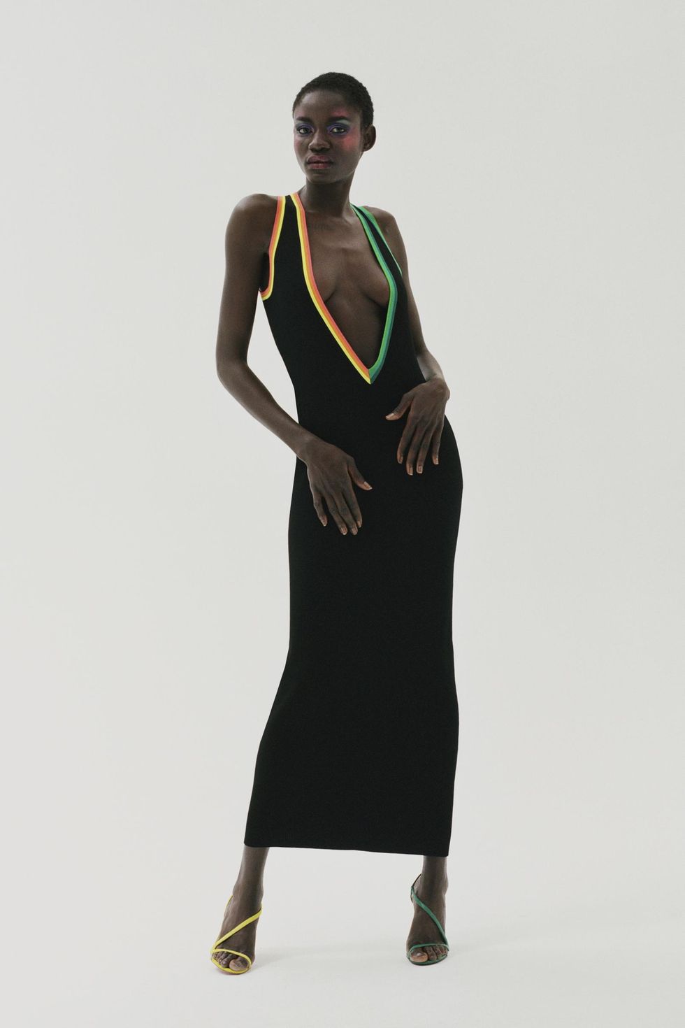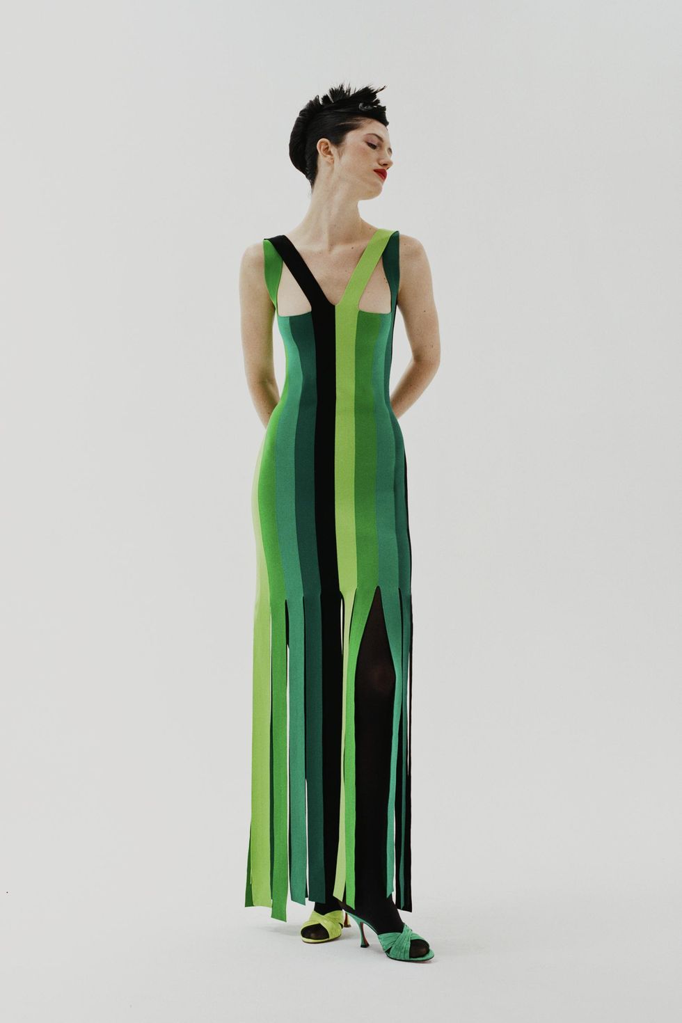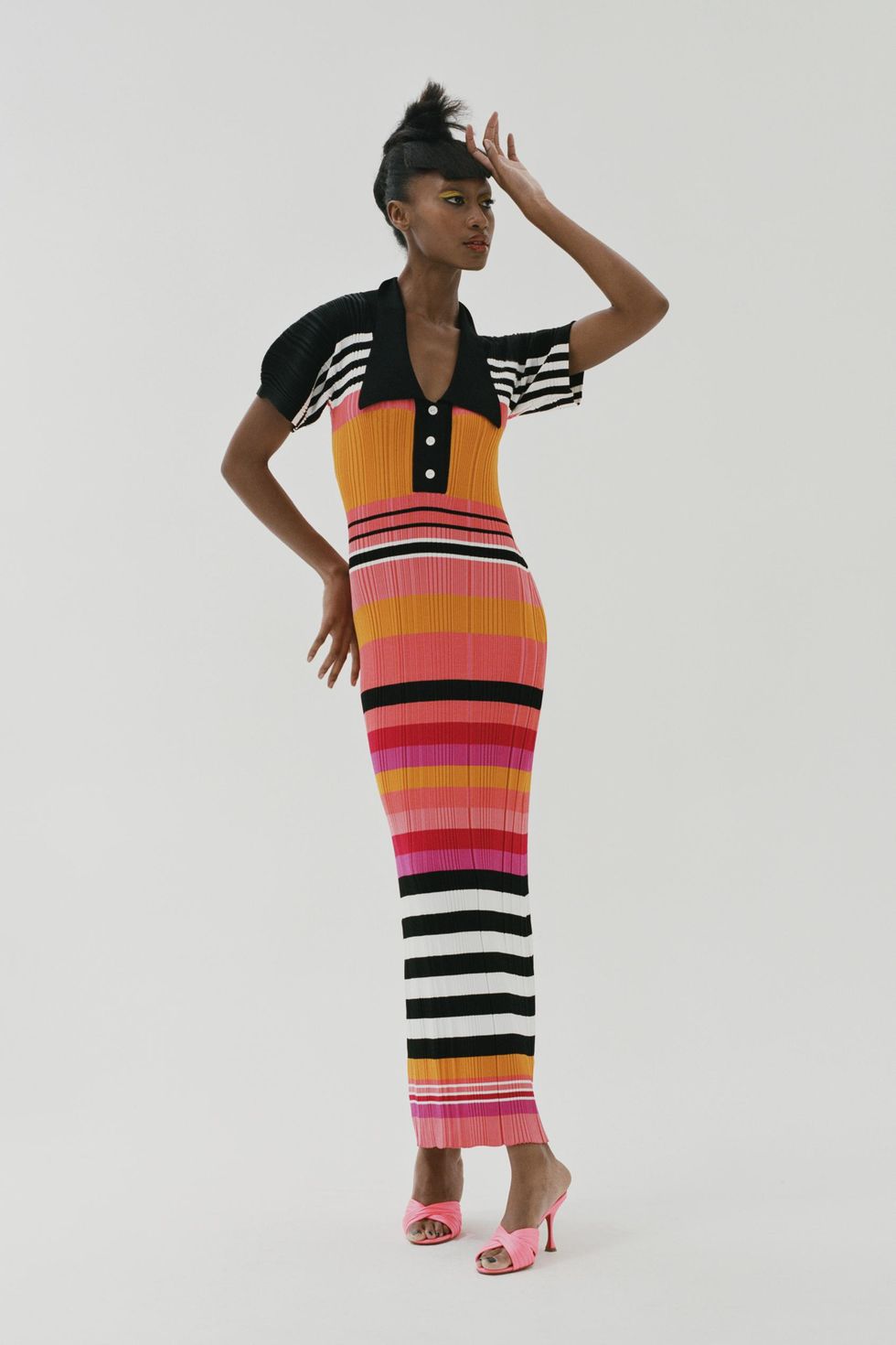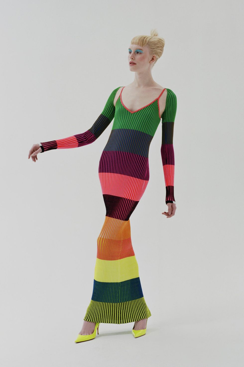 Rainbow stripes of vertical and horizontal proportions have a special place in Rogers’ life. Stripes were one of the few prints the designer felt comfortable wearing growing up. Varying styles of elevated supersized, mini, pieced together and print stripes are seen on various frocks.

####

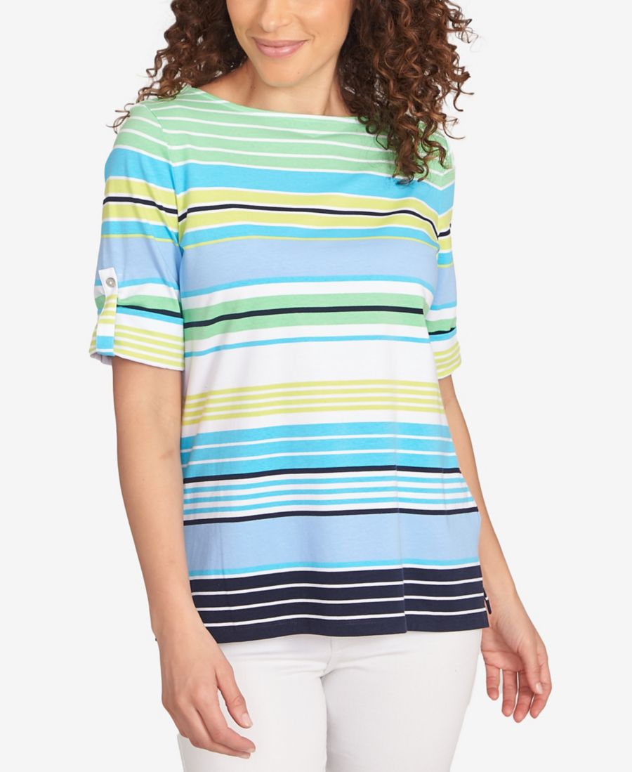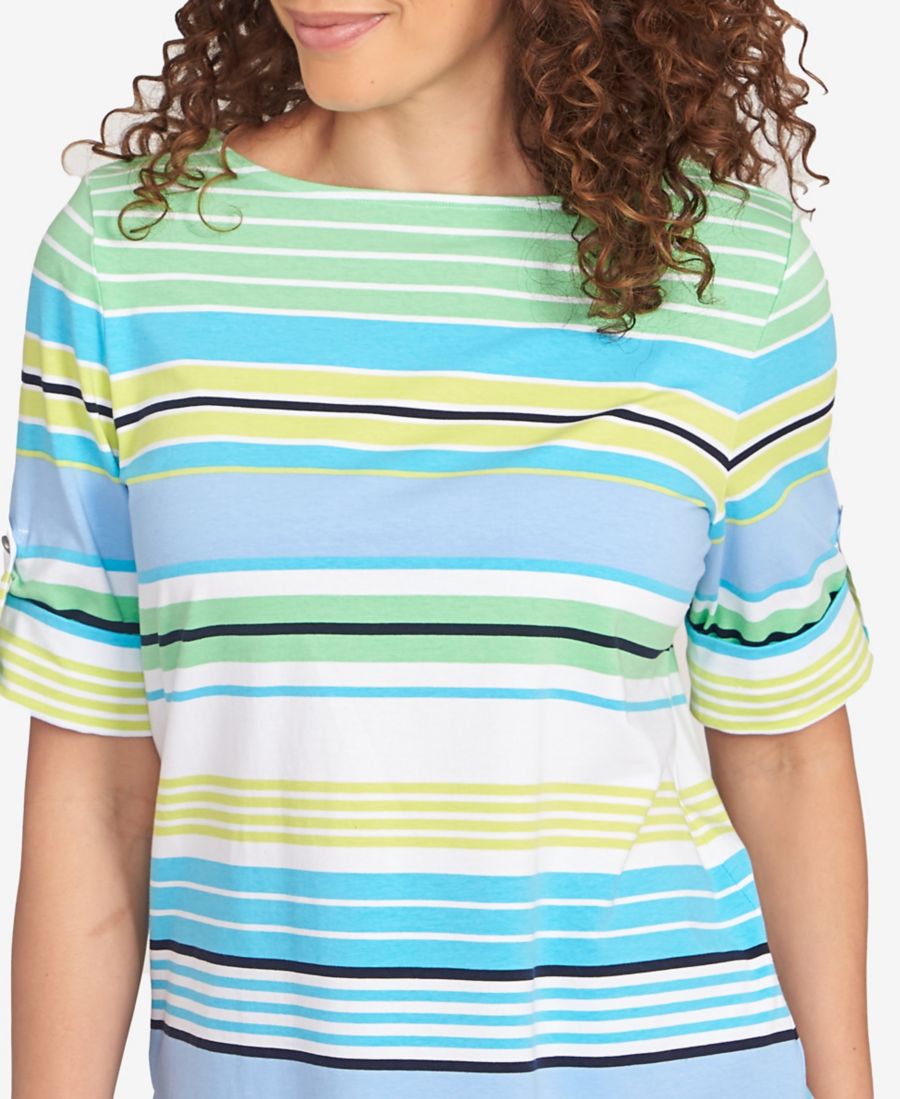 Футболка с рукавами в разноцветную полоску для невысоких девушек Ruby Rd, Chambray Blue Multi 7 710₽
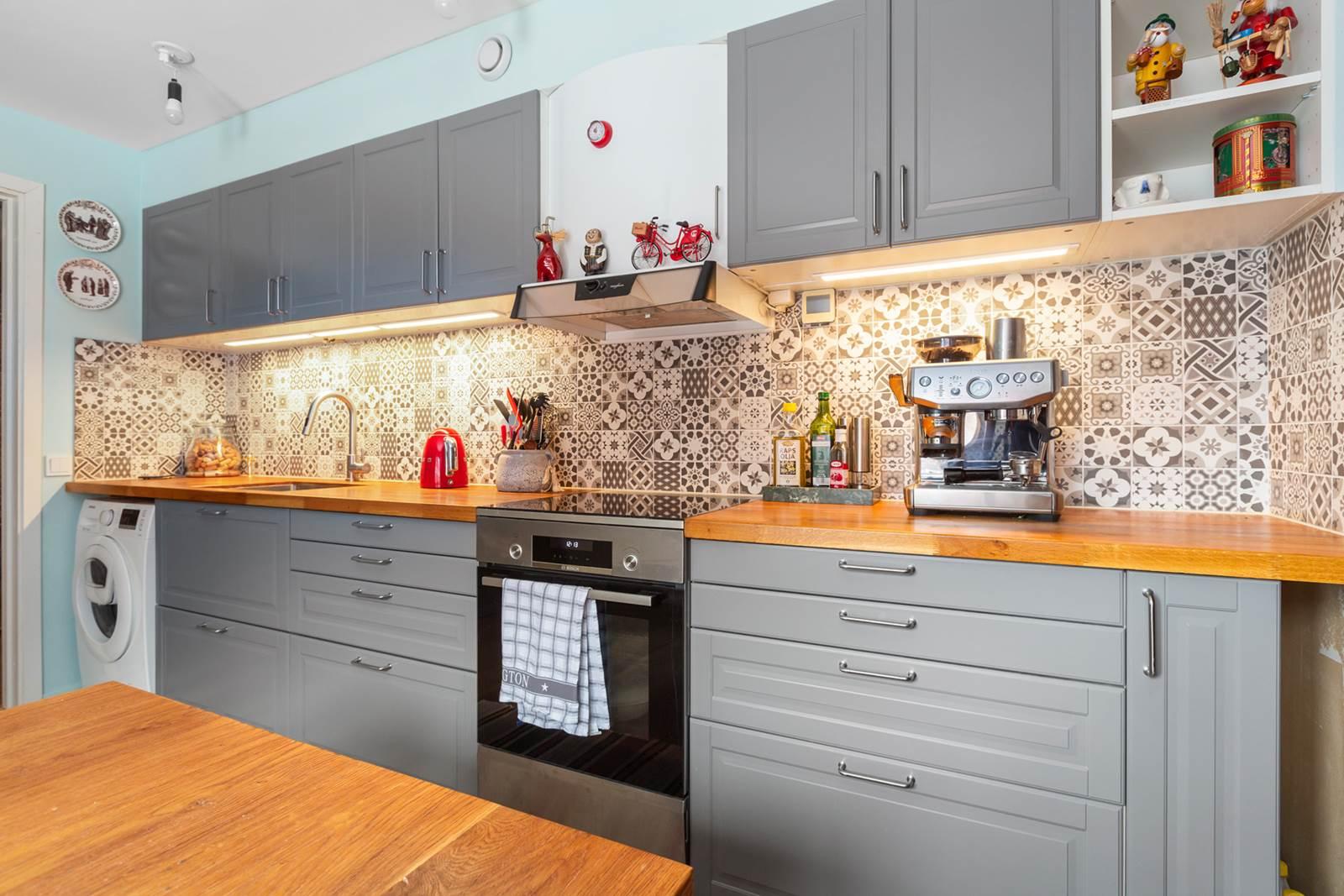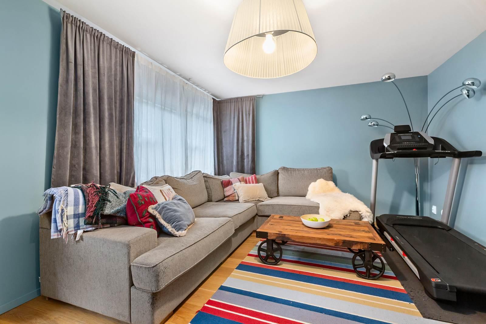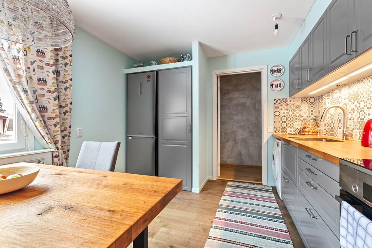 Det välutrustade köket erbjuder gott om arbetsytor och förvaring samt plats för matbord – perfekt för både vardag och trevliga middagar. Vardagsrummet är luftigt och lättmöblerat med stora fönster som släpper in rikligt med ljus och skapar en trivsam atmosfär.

####

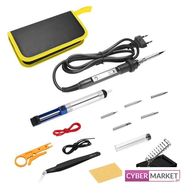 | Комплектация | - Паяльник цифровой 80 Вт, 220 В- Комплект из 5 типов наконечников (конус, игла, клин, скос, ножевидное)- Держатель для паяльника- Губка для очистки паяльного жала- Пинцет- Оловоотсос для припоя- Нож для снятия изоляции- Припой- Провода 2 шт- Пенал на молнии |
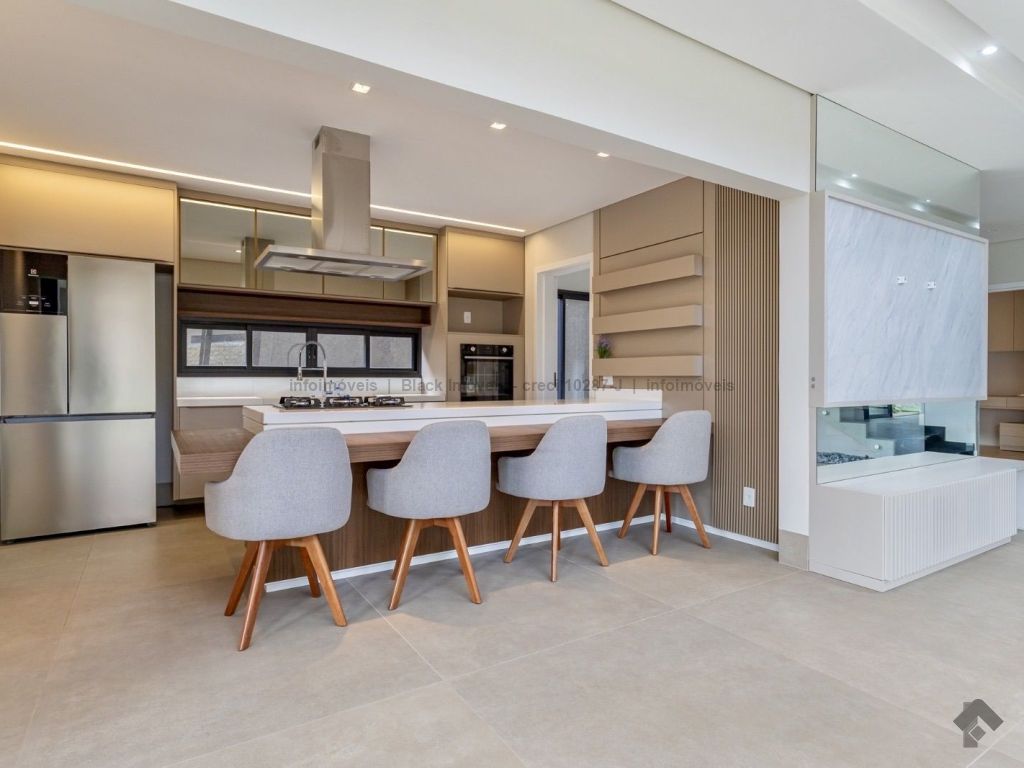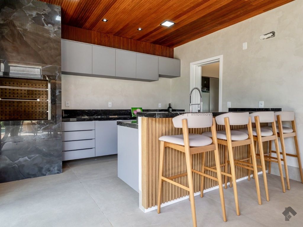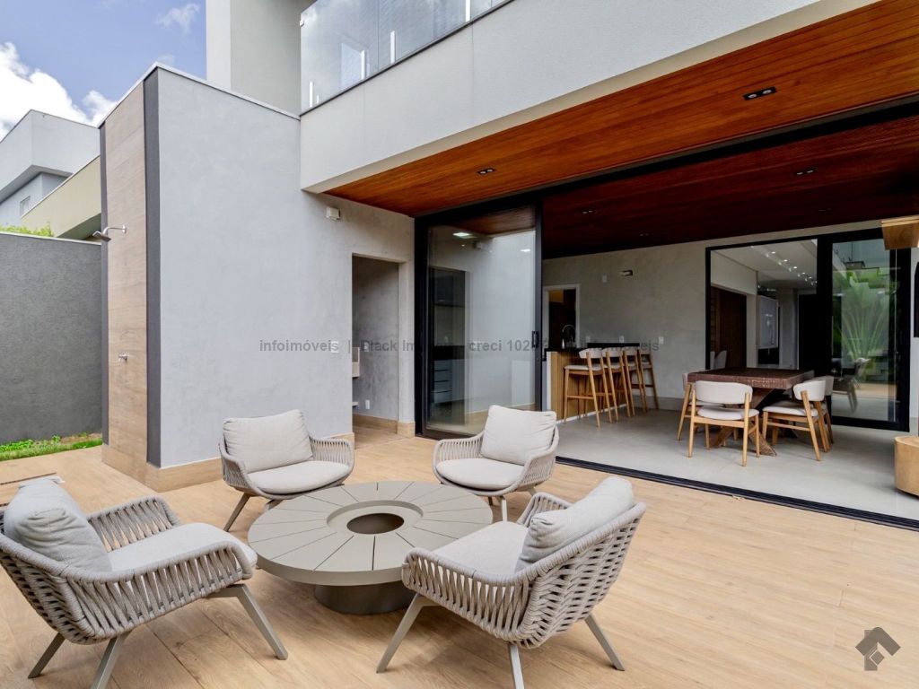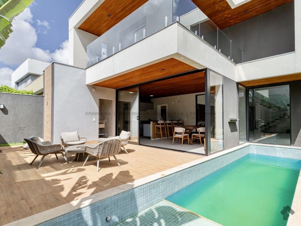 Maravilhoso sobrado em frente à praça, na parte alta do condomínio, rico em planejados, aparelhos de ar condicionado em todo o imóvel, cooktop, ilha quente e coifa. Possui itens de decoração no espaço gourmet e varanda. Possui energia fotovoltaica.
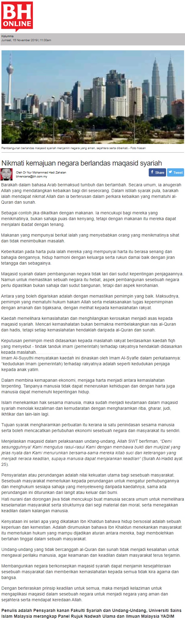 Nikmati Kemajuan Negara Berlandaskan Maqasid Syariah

####

• **What is required**
Copy the lines above between the one holding "Maravilhoso sobrado em" and the one holding "Nikmati Kemajuan Negara", inclusive. Drop the pictures.

• **Answer below**
 Maravilhoso sobrado em frente à praça, na parte alta do condomínio, rico em planejados, aparelhos de ar condicionado em todo o imóvel, cooktop, ilha quente e coifa. Possui itens de decoração no espaço gourmet e varanda. Possui energia fotovoltaica.
 Nikmati Kemajuan Negara Berlandaskan Maqasid Syariah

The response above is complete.